▶ **TASK INSTRUCTIONS**
Every line below from the one containing "Beli Gizli Lastikli" through the one containing "这点从 ZM 的周线图就可以看出,ZM" is to be printed exactly, with the pictures omitted.

[[ THE DATA, beginning ]]

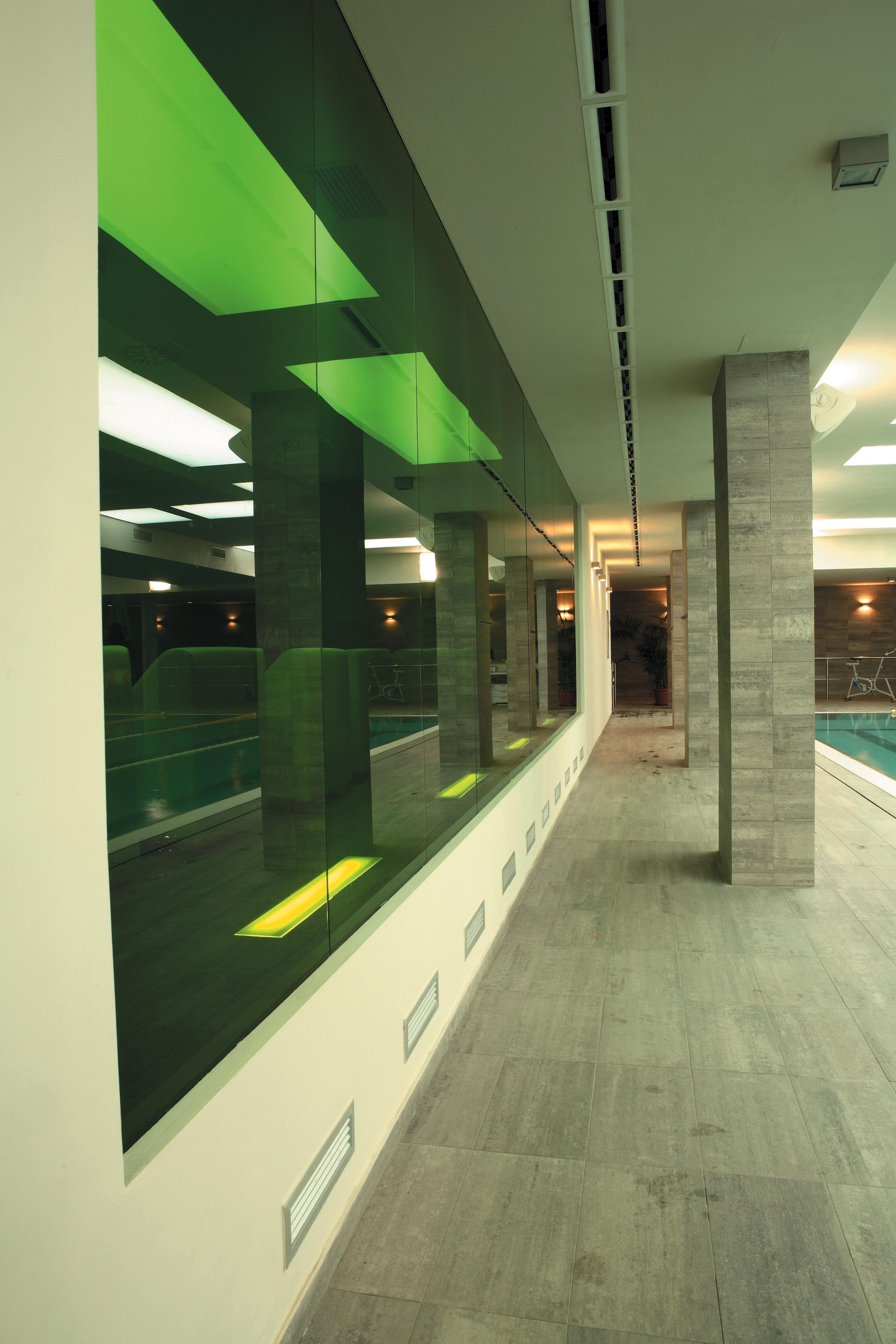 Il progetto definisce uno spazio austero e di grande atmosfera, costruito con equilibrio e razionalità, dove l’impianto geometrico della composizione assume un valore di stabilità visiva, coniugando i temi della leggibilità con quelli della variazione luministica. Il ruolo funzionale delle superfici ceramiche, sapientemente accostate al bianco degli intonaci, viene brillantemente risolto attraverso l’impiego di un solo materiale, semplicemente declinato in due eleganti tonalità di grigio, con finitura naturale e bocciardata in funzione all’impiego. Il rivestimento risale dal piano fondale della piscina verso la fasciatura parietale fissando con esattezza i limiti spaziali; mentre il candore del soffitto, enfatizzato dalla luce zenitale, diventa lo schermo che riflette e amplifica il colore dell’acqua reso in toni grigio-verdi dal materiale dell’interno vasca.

[[ THE DATA, end ]]
[[ THE DATA, beginning ]]

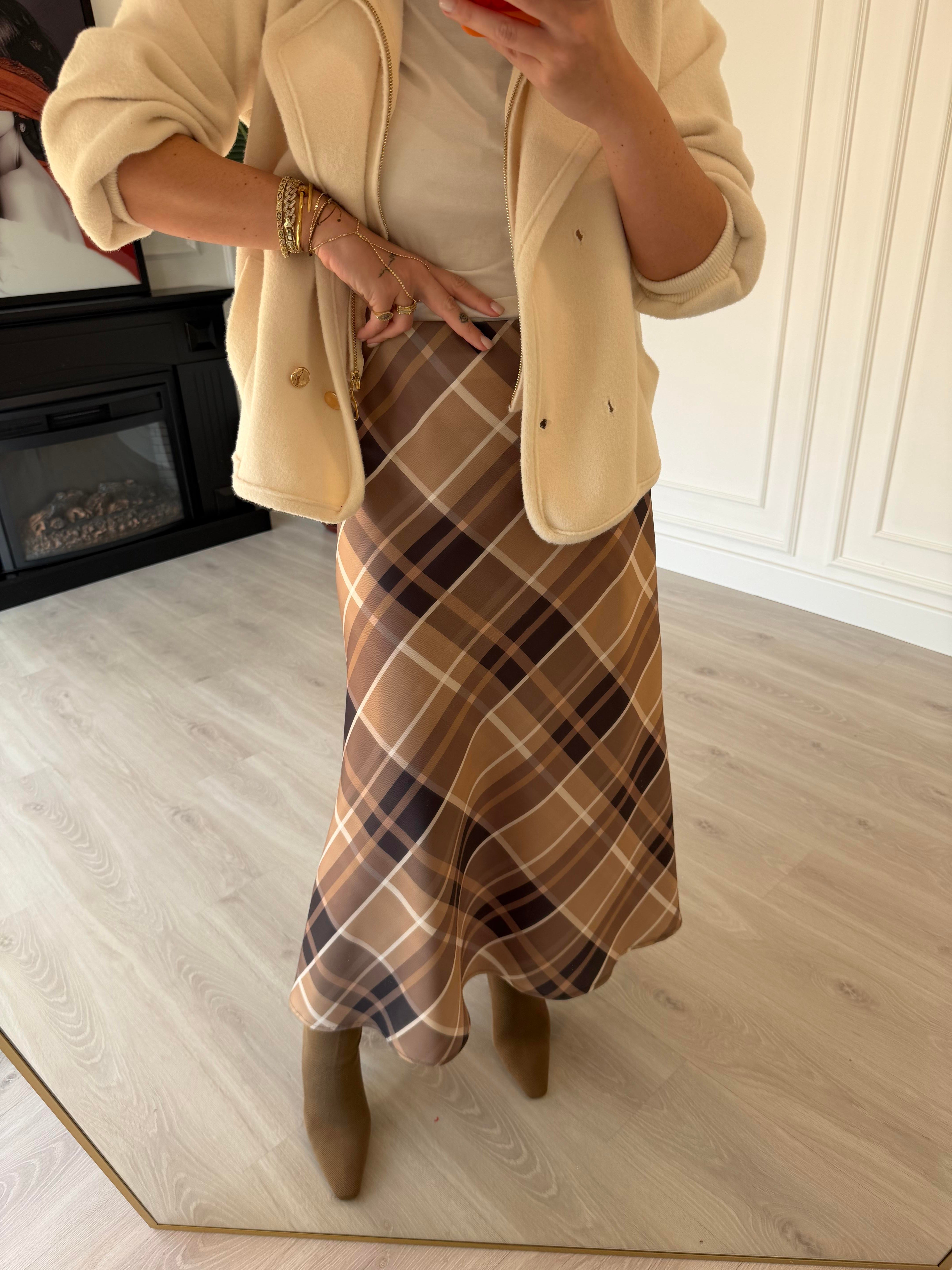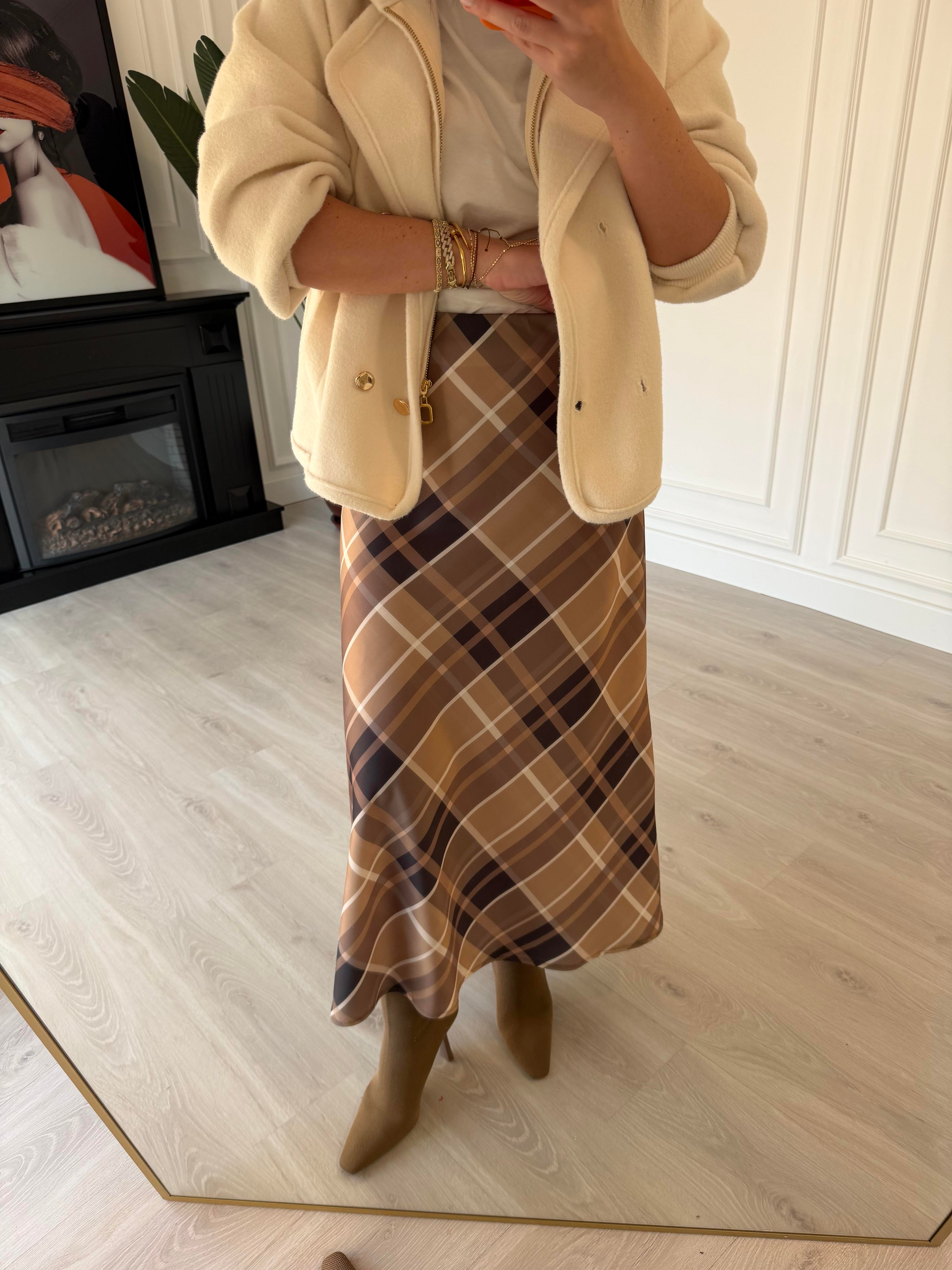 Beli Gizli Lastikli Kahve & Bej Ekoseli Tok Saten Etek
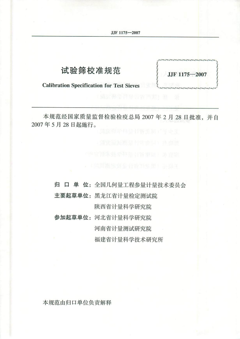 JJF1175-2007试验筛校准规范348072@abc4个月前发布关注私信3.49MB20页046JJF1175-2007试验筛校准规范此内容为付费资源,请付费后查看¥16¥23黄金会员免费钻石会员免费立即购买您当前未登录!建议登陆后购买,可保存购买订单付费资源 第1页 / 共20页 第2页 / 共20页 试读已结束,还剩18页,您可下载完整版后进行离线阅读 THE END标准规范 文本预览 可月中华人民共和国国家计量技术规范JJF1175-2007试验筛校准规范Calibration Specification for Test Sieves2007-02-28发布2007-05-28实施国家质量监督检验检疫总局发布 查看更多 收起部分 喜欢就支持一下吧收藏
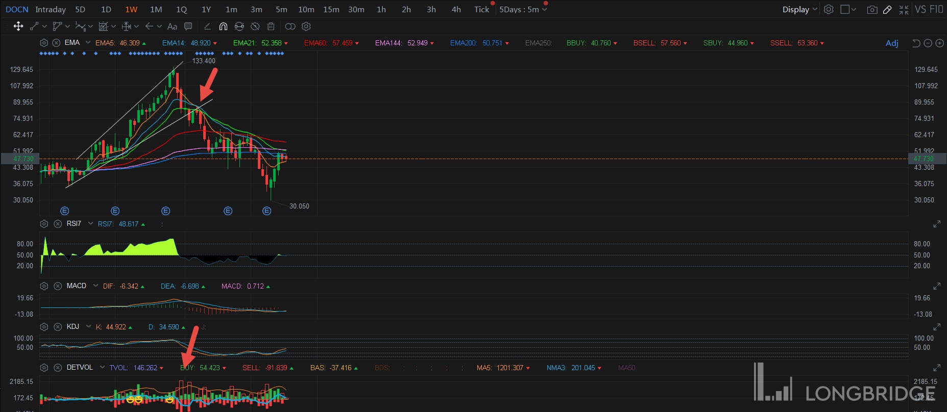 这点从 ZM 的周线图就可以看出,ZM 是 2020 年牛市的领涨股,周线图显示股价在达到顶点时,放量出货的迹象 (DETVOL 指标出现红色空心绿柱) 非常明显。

[[ THE DATA, end ]]

▶ **SOLUTION FOR THIS PROBLEM**
 Beli Gizli Lastikli Kahve & Bej Ekoseli Tok Saten Etek
 JJF1175-2007试验筛校准规范348072@abc4个月前发布关注私信3.49MB20页046JJF1175-2007试验筛校准规范此内容为付费资源,请付费后查看¥16¥23黄金会员免费钻石会员免费立即购买您当前未登录!建议登陆后购买,可保存购买订单付费资源 第1页 / 共20页 第2页 / 共20页 试读已结束,还剩18页,您可下载完整版后进行离线阅读 THE END标准规范 文本预览 可月中华人民共和国国家计量技术规范JJF1175-2007试验筛校准规范Calibration Specification for Test Sieves2007-02-28发布2007-05-28实施国家质量监督检验检疫总局发布 查看更多 收起部分 喜欢就支持一下吧收藏
 这点从 ZM 的周线图就可以看出,ZM 是 2020 年牛市的领涨股,周线图显示股价在达到顶点时,放量出货的迹象 (DETVOL 指标出现红色空心绿柱) 非常明显。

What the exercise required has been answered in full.